After an hour on the Pit I had progressed to 10 centimeters. It was time to push. So I pushed. Or, I thought I did. I couldn't feel a thing I was doing. I couldn't feel much pain, true. I also couldn't feel my body. I pushed for an hour. The doctor said I could go for another hour and then we would have to talk about surgery. I pushed for what felt like 3 minutes and 3 days at the same time, he came back and said it was time to perform a C-Section. He insisted it wasn't for his convenience. He told me he would do everything he could to make sure I could have a vaginal birth next time. I asked for a few minutes to decide and I asked Skyler and our midwife what they thought. They both said it was time.

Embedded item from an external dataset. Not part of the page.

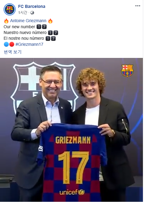 바르셀로나는 14일 공식 채널을 통해 그리즈만이 등번호 17번을 받았음을 알렸다.
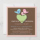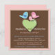 Uma família de pássaro pequena bonito empoleirada em um coração convida seu convidado a um chá de fraldas dos casais

The next thing I really remember is being strapped down on the surgery table, both arms spread out to my side, telling the anesthesiologist that  I was going to be sick. That is the only feeling or emotion I can remember about the birth of my son. Naseau. It's all that comes to me. Skyler came in and talked to me but I can't remember what he said.
They told him he could stand to see the baby being born. He says by the time he stood up he was almost completely out. They took him over to clean him up and continue working on me. They were worried about bleeding. The nurses call Skyler over to be with the baby. I think they showed him to me, but I'm not sure. Then the two of them were gone and I was wheeled out to do preliminary recovery stuff. After about half an hour, Skyler came with Arthur and I finally got to hold my baby and try to nurse him.



I look how I felt.

He's awfully beautiful. 


We stayed in the hospital for four days and then we went home.

And now, seven and a half months later, I'm putting it all down in writing. I'm still so sad and disappointed. I know that I did everything I could to avoid the outcome we ended up having. However, I don't really know how to not be disappointed, mostly in myself.
I'm healed. My baby is happy, healthy, and developing way ahead of normal. I'm still nursing him, if not exclusively.